Дерево стучало о дерево, пахло абрикосовым джемом и старым лаком. Тоха выстроил ровный ряд черных пешек, шумно, с хлюпаньем, отпил обжигающего чая. Его пожилой двойник неторопливо устанавливал на доске строй белых. Давний ритуал, который нравился им обоим, сегодня раздражал Тоху своей неторопливостью. Кресло сделалось неудобным, угловатым. В попытке хоть как-то устроиться Тоха весь изъерзался. Дед это видел, хмурил дикие седые брови, но не торопил. Знал: если внуку понадобится совет, спросит сам. С доверием у них был полный порядок.
В коридоре невыносимо громко тикали настенные часы. Грохотали как куранты. Тоха раньше не замечал, насколько они шумные. Время шло, а дед только-только начал ставить пешки. Тоха весь извелся, наблюдая, как меееедленно занимает клетку очередной безликий воин с круглой деревянной головой. Наконец, не выдержав, Тоха сказал:
– Дед, вот ты в погранвойсках служил и вообще…

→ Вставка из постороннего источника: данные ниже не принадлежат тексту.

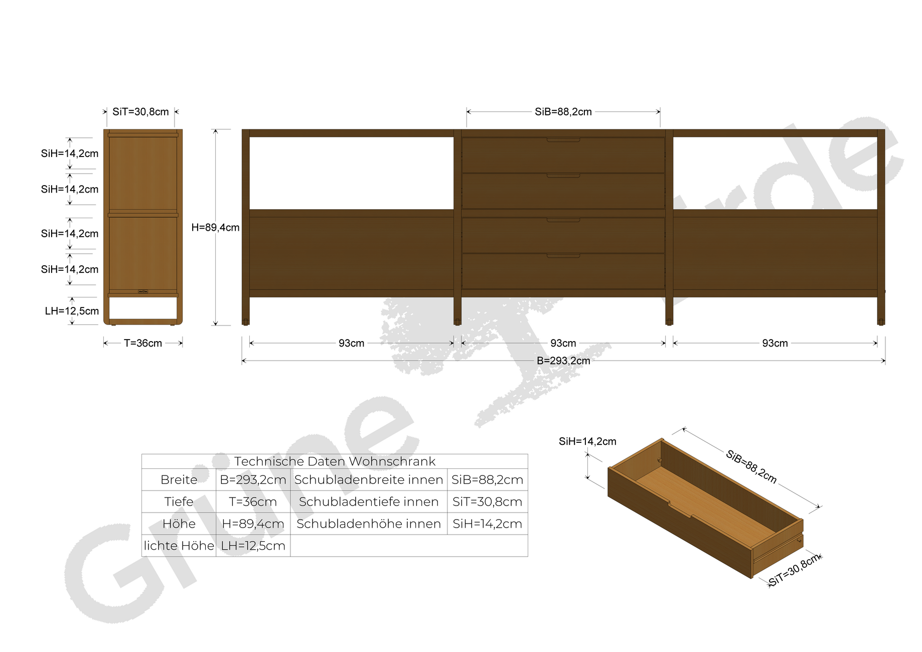 Die Quintessenz des RegalsystemsBücherregale, Side- und Highboards, Ladenschränke, Home Office-Einrichtung; in gleicher Höhe über die ganze Breite hinweg oder stufenförmig aufgebaut; im Wohn-, Schlaf-, Arbeits- oder Kinderzimmer: Quintum* ist ein modulares, flexibel einsetzbares, jederzeit neu gestalt- und erweiterbares Regalsystem für unendlich viele Möglichkeiten, Dinge des privaten oder beruflichen Alltags angemessen zu verstauen, schön zu präsentieren oder ungewollten Blicken elegant zu entziehen.Quintum ist zeitgemäß, optisch leicht und schlank gestaltet, gleichzeitig sehr stabil. Das Grundgerüst des Regalsystems bilden leiterförmige Seitensteher in 6 verschiedenen Höhen. An deren charakteristisch gebogener Unterseite ist eine für die Massivholztischlerei typische "Schlitz- und Zapfenverbindung" sichtbar.In diese Steher können verschiedene, jeweils 93 cm breite Module eingekoppelt und beliebig miteinander kombiniert werden: Schubladenmodule, Fachbretter, Module mit Schiebetüren aus Glas oder Holz. So lässt sich Quintum individuell gestalten. Man kann auch einen unserer 19 Konfigurationsvorschläge auswählen.Die Module sind ohne Werkzeug einfach ein- und auszubauen. Ganz im Grüne Erde-Stil werden die für Laden- und Schiebetürmodule notwendigen Seitenteile über einen Schubriegel-Mechanismus aus Massivholz mit den Seitenstehern verbunden – ebenfalls werkzeuglos!MaterialSeitensteher: Massivholz; Rückwände, Seitenwände: Schichtholz; Schiebetüren: Schichtholz oder Rauchglas. Quintum ist handwerklich erstklassig ohne Metall- und Kunststoffteile aus europäischem Holz gefertigt. Die Oberfläche wird von Hand mit natürlichem, lösemittelfreiem Pflegeöl eingelassen.*Quintum ist die Weiterentwicklung unseres früheren Regalsystems Quint.Hinweis: Die Elemente des (alten) Quint und des (neuen) Quintum sind nicht kombinierbar! -

– Ну, служил. – Старик качнул головой, потянулся за пешкой.
– Ты контрабандистов ловил, в настоящем бою был, даже ранение имеешь…
– Ну, имею.
– Вот скажи, как ты… – Тоха замялся, подыскивая слово. Очень уж ему не хотелось произносить вслух… Не найдя ничего более подходящего, Тоха покраснел и выпалил: – Вот когда страшно – по-настоящему, что аж живот крутит, – а сделать все равно надо, как ты это делал?
Вчера он проигрывал этот разговор в голове, и все получалось складно. Тоха спрашивал деда, где тот черпал силы, откуда брал решимость, чтобы перебороть страх, от которого позорно трясутся коленки. Но по части разговоров хороши были Серый и Жан. У Тохи заготовленная речь смешалась, перепуталась, распалась на нечленораздельное мычание. Но дед понял. Он очень долго и серьезно разглядывал внука, вертя в пальцах последнюю пешку:
– Знаешь, Антошка, я на границе двенадцать лет отслужил, и на Дальнем Востоке, и в Казахстане, еще при Союзе, да много где… Четыре раза в бою был – да то как? Бой не бой – стычка. Вот мой отец, прадед твой, значит, Великую Отечественную прошел, вот он в настоящих боях бывал. И он мне, когда жив был, рассказывал так: страх – это такая штука: чуть слабину ему дашь, и он тебя убьет. Я тогда это накрепко запомнил и, когда мой отряд впервые в перестрелку ввязался, сразу его слова вспомнил.
– А ты совсем не боялся? – тихо спросил Тоха.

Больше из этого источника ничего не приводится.